Ähnliche Verträge wurden auch mit anderen Minderheiten abgeschlossen, wobei die Christen als sogen. "Besitzer der Schrift" eine besondere Stellung einnehmen. Solche Verträge nennt man "aqd al dhimma", was soviel heißt, wie: "ein Vertrag, dessen Einhaltung Gewissenspflicht der Gemeinschaft ist", für dessen Einhaltung also die gesamte Gemeinschaft verantwortlich ist. Ziel dieser Verträge war die Regelung der wechselseitigen Beziehungen auf der Grundlage gleicher Rechte und Pflichten. Mit einem Wort: die Angehörigen der Minderheiten sollen vollwertige Bürger in der islamischen Gesellschaft sein - dies ist ein islam. Prinzip, das fast 1400 Jahre als ist und insbesondere für die damalige Zeit geradezu revolutionär war.
Aber nun zur gesamtgesellschaftlichen Verantwortung des Menschen aus islamischer Sicht. Der Herstellung sozialer Gerechtigkeit soll die sogen. "Zakat" dienen, die eine der fünf Säulen der Glaubenspraxis und gottesdienstliche Handlung ist. Sie wird im Koran 28 x im Zusammenhang mit dem Gebet erwähnt, was ihren Stellenwert betont. Was ist Zakat? Am besten kann sie übersetzt werden mit der Umschreibung "soziale Pflichtabgabe" und darunter ist folgendes zu verstehen:
Eine Abgabe genau festgelegter Anteile des Vermögens an Bedürftige, die von Gott Selbst im Koran vorgeschrieben wird. Die Bedürftigen haben einen Rechtsanspruch auf diese Abgabe, weil man davon ausgeht, dass der Mensch ein etwaiges Vermögen Gott zu verdanken hat und kein Vermögen durch Almosen tatsächlich gemindert wird, denn Gott vermehrt in Seiner Barmherzigkeit jede gute Tat. Der Zakat-Empfänger und der Zakat-Pflichtige stehen nicht im Verhältnis eines Bittstellers einerseits und eines großzügigen Spenders andererseits zueinander, sondern sind gleichberechtigte Partner.

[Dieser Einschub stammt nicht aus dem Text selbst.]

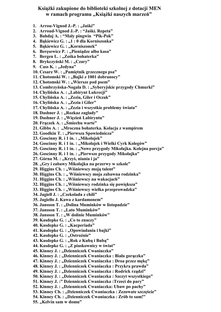 Książki zakupione do biblioteki szkolnej z dotacji MEN w ramach programu „Książki naszych marzeń” 1. Arrou-Vignod J.-P. : „Jaśki” 2. Arroud-Vignod J.-P. : “Jaśki. Repeta” 3. Bahdaj A. : “Mały pingwin “Pik-Pok” 4. Bąkiewicz G. : „1 : 0 dla Korniszonka” 5. Bąkiewicz G. : „Korniszonek” 6. Beręsewicz P. : „Pieniądze albo kasa” 7. Bergen L. : „Zośka bohaterka” 8. Brykczyński M. : „Czary” 9. Cass K. : „Jedyna” 10. Cesarz W. : „Pamiętnik grzecznego psa” 11. Chotomski W. : „Bajki z 1001 dobranocy” 12. Chotomski W. : „Wiersze pod psem” 13. Combrzyńska-Nogala D. : „Syberyjskie przygody Chmurki” 14. Chylińska A. : „Labirynt Lukrecji” 15. Chylińska A. : „Zezia, Giler i Oczak” 16. Chylińska A. : „Zezia i Giler” 17. Chylińska A. : „Zezia i wszystkie problemy świata” 18. Dashner J. : „Rozkaz zagłady” 19. Dashner J. : „Więzień Labiryntu” 20. Frączek A. : „Śmiechu warte” 21. Gibbs A. : „Mroczna bohaterka. Kolacja z wampirem 22. Goodkin T. : „Pierwsza Spowiednicza” 23. Goscinny R. i 1 in. : „Mikołajek” 24. Goscinny R. i 1 in. : „Mikołajek i Wielki Cyrk Kolegów” 25. Goscinny R. i 1 in. : „Nowe przygody Mikołajka. Kolejna porcja” 26. Goscinny R. i 1 in. : „Pierwsze przygody Mikołajka” 27. Górna M. : „Krzyś, niania i ja” 28. „Gry i zabawy Mikołajka na przerwy w szkole” 29. Higgins Ch. : „Wiśniewscy moją talent” 30. Higgins Ch. : „ Wiśniewscy moja zabawna rodzinka” 31. Higgins Ch. : „Wiśniewscy na wakacjach” 32. Higgins Ch. : „Wiśniewscy rodzinka się powiększa” 33. Higgins Ch. : „Wiśniewscy wielka przeprowadzka” 34. Jagiełł J. : „Czekolada z chili” 35. Jagiełło J. Kawa z kardamonem” 36. Jansson T. : „Dolina Muminków w listopadzie” 37. Jansson T. : „Lato Muminków” 38. Jansson T. : „W dolinie Muminków” 39. Kasdepke G. : „Co to znaczy” 40. Kasdepke G. : „Kacperiada” 41. Kasdepke G. : „Opowiadania i bajki” 42. Kasdepke G. : „Ostrożnie” 43. Kasdepke G. : „Rok z Kubą i Bubą” 44. Kasdepke G. : „Z piaskownicy w świat” 45. Kinney J. : „Dzienniczek Cwaniaczka” 46. Kinney J. : „Dzienniczek Cwaniaczka : Biała gorączka” 47. Kinney J. : „Dzienniczek Cwaniaczka : Droa przez mękę” 48. Kinney J. : „Dzienniczek Cwaniaczka : Przykra prawda” 49. Kinney J. : „Dzienniczek Cwaniaczka : Rodrick rządzi” 50. Kinney J. : „Dzienniczek Cwaniaczka : Szczyt wszystkiego” 51. Kinney J. :” Dzienniczek Cwaniaczka :Trzeci do pary” 52. Kinney J. : „Dzienniczek Cwaniaczka: Ubaw po pachy” 53. Kinney Ch. : „Dzienniczek Cwaniaczka : Zezowate szczęście” 54. Kinney Ch. : „Dzienniczek Cwaniaczka : Zrób to sam!” 55. „Kelvin sam w domu” 56. Kosik R. : „Felix, Net i Nika oraz Niebezpieczne dorastanie” 57. Laybourne E. : „Monument 14 T.1 Odcięci od świata” 58. Laybourne E. : „Monument 14 T.2 Niebo w ogniu” 59. Laybourne E. : „Monument 14 T.3 Wściekły wiatr” 60. Maleszka A. : „Magiczne drzewo : Cień Smoka” 61. Maleszka A. : „Magiczne drzewo : Czerwone krzesło” 62. Maleszka A. : „Magiczne drzewo : Gra” 63. Maleszka A. : „Magiczne drzewo : Olbrzym” 64. Maleszka A. : „Magiczne drzewo : Świat ogromnych” 65. Maleszka A. : „Magiczne drzewo :Tajemnica mostu” 66. McKain K. : „Emilka i Magik : Stajnia po Podkową” 67. McKain K. : „Hania i Nadzieja : Stajnia pod Podkową” 68. McKain K. : „Julka i Książę : Stajnia pod Podkową” 69. McKain K. : „Marta i Psotnik : Stajnia pod Podkową” 70. McKain K. : „Marysia i Szczęściarz : Stajnia pod Podkową” 71. McKain K. : „Zuzia i Kartacz : Stajnia pod Podkową” 72. Mull B. : „Baśniobór T.1 – 5” 73. Mull B. : „Spirit Animals T.1 Zwierzoduchy” 74. „Nela mała reporterka : 10 niesamowitych przygód Neli” 75. „Nela mała reporterka : Nela na 3 kontynentach” 76. „Nela mała reporterka : Nela na tropie przygód” 77. „Nela mała reporterka : Nela i tajemnice świata” 78. Nix G. i 1 in. : „Spirit Animals T.3 Więzy krwi” 79. Onichimowska A. : “Osiem metrów niespodzianki” 80. „Opowiadania na dobranoc. Polscy pisarze dzieciom” 81. „Opowiadania o psach. Na psa urok! . Polscy pisarze dzieciom” 82. „Opowiadania z dreszczykiem . Polscy pisarze dzieciom” 83. „Opowiadania z kluczem. Polscy pisarze dzieciom” 84. „Opowiadania z uśmiechem. Polscy pisarze dzieciom” 85. Ostrowicka B. : „Franuś, gdzie ty masz głowę” 86. Papuzińska J. : „Smok w powidłach” 87. Riordan R. : „Percy Jackson i bogowie olimpijscy T.1 – 5” 88. „Rodzinne przygody Mikołajka” 89. Russel R.R. : „Dzienniki Niki T.2, T. 4, T.5, T.6” 90. Sapkowski A. : „Wiedźmin T.1 -5” 91. Sapkowski A. : „Wiedźmin : Miecz przeznaczenia” 92. Sapkowski A. : „Wiedźmin : Ostatnie życzenie” 93. Schmidt E.E. : „Ulisses z Bagdadu” 94. Simon F. : „Koszmarny Karolek : Podręczny rocznik” 95. Simon F. : „Koszmarny Karolek : Straszne czaszki i niemiłe mumie” 96. Simon F. : „Koszmarny Karolek : Wariackie wakacje” 97. Simon F. : „Koszmarny Karolek : Zemsta Gangu Purpurowej Ręki” 98. Strękowska-Zaremba M. : „Filipek i dziewczyny” 99. Strękowska-Zaremba M. : „Filipek i rodzina” 100. Strękowska-Zaremba M. : „Filipek i wakacje” 101. Stiefvater M. : „Spirit Animals T.2 Polowanie” 102. Strękowska-Zaremba M. : “Willa trzech łotrów” 103. Szymeczko K. : „Czworo i kości” 104. Tolkien J.R.R. : „Hobbit” 105. Tolkien J.R.R. : “Władca Pierścieni T.1-3” 106. Tyszka A. : „Zosia z ulicy Kociej na wycieczce” 107. Widmark M. i 1 in. : 20 tytułów z serii „Biuro detektywistyczne Lassego i Mai” 108. „Wiedźmin : Dom ze szkła” 109. Wojciechowska M. : „Zwierzęta świata” 110. Zafon C.R. : „Książę Mgły” 111. Zafon C.R. : „Pałac Północy” 112. Zafon C.R. Światła września”

Für den Zakat-Pflichtigen stellt die Abgabe ein Training im verantwortungsbewussten Umgang mit Vermögen dar, das insbesondere darauf abzielt, den Gläubigen vor negativen Charaktereigenschaften wie Geiz, Habgier und deren Begleiterscheinungen zu bewahren. Auch die Zakat-Empfänger sollen vor der Entstehung schlechter charakterlicher Eigenschaften, wie Neid, Missgunst oder gar Hass auf die Wohlhabenden bewahrt bleiben und vor allem aus materieller Abhängigkeit befreit werden, um sich aktiv an der Entwicklung der Gesellschaft beteiligen zu können. Im Mittelpunkt steht das Streben nach sozialer und ökonomischer Gerechtigkeit, ohne Einschränkung der persönlichen Freiheit des Einzelnen, also die Förderung des sozialen Friedens.